9.4 Image Formation by a Convex Mirror

A convex mirror always produces a virtual, erect, diminished image behind the mirror — for every position of the object from very close to very far. This is why it has a wide field of view.

P F C Object Image (virtual, erect, small)
Fig 9.6 — Convex mirror: a parallel-to-axis ray reflects so that its extension passes through F behind the mirror; a ray heading toward C strikes normally. The image is virtual, erect and diminished.

9.5 Uses of Spherical Mirrors

  • Concave mirrors — shaving mirrors (object between P and F gives an enlarged erect image); dentists' and ENT mirrors; reflectors in torches, headlights and searchlights (source at F gives a parallel beam); solar furnaces and solar cookers (parallel rays from Sun focus at F to produce intense heat).
  • Convex mirrors — rear-view (wing) mirrors of vehicles, because they always give an erect, diminished image with a wider field of view than a plane mirror of the same size. Used as security mirrors at blind corners and in shops.
Why not a plane mirror for a car? A plane mirror gives same-size images, so only a small area behind the vehicle is visible.
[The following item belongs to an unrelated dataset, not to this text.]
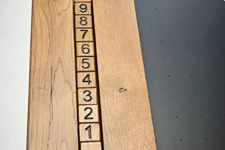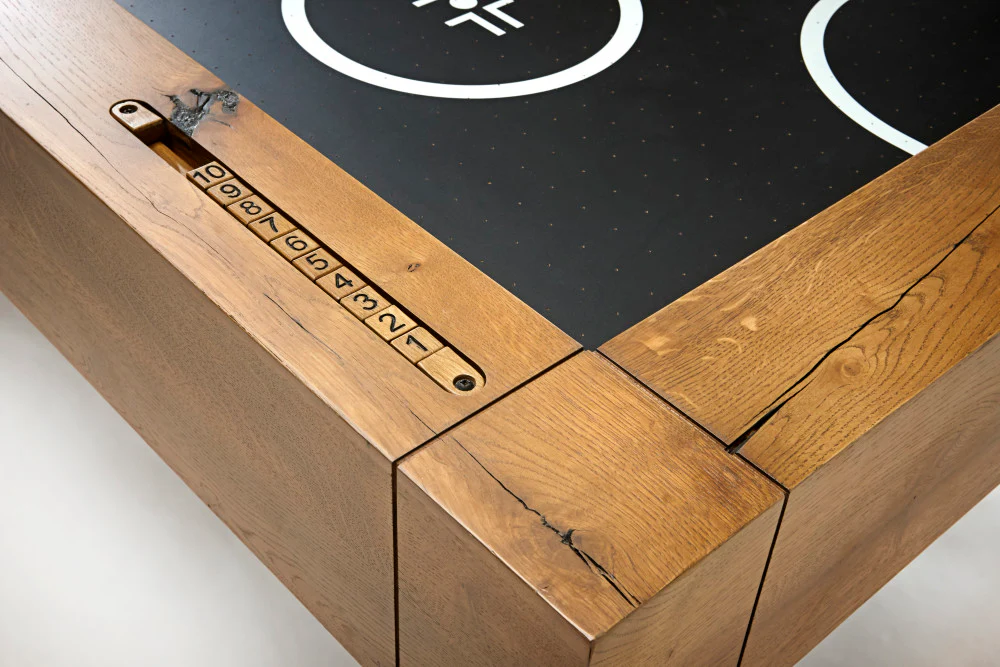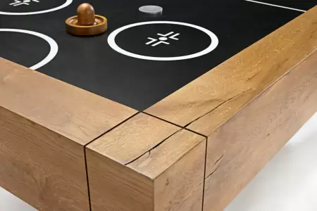 The Parsons Air Hockey Table showcases a sturdy, minimalist design with a natural dry oak finish, highlighting the exquisite hardwood knots and cracks that make each table truly one-of-a-kind.
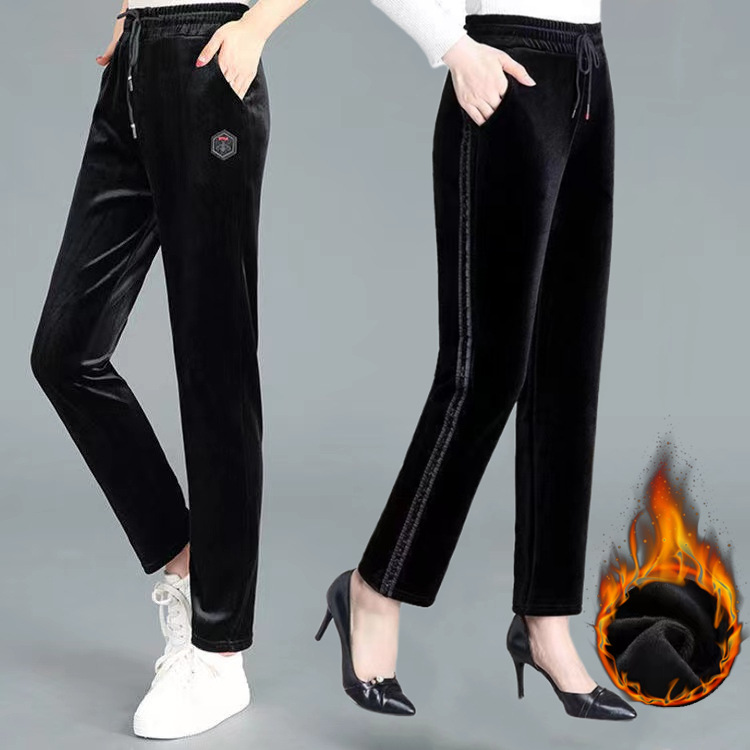 金のベルベットの女性のズボンの中で高齢のお母さんの平毛のカジュアルなズボンの秋冬のベルベットの厚い保温のズボンは江湖を走って熱売します。

A convex mirror, being diverging, images a much wider stretch of the road onto the same mirror area — at the cost of distance appearing smaller ("objects in mirror are closer than they appear").
Activity 9.1 — Locate the Focus of a Concave MirrorL3 Apply

Aim: To find the approximate focal length of a concave mirror using a distant object (the Sun or a distant building).

Materials: a concave mirror, a sheet of paper, a metre-scale, a mirror stand.

Procedure:

  1. Hold the concave mirror in your hand and face it toward a distant bright object (a distant window or the Sun — never look at the Sun directly).
  2. Place a sheet of paper in front of the reflecting surface and slowly move it back and forth along the principal axis.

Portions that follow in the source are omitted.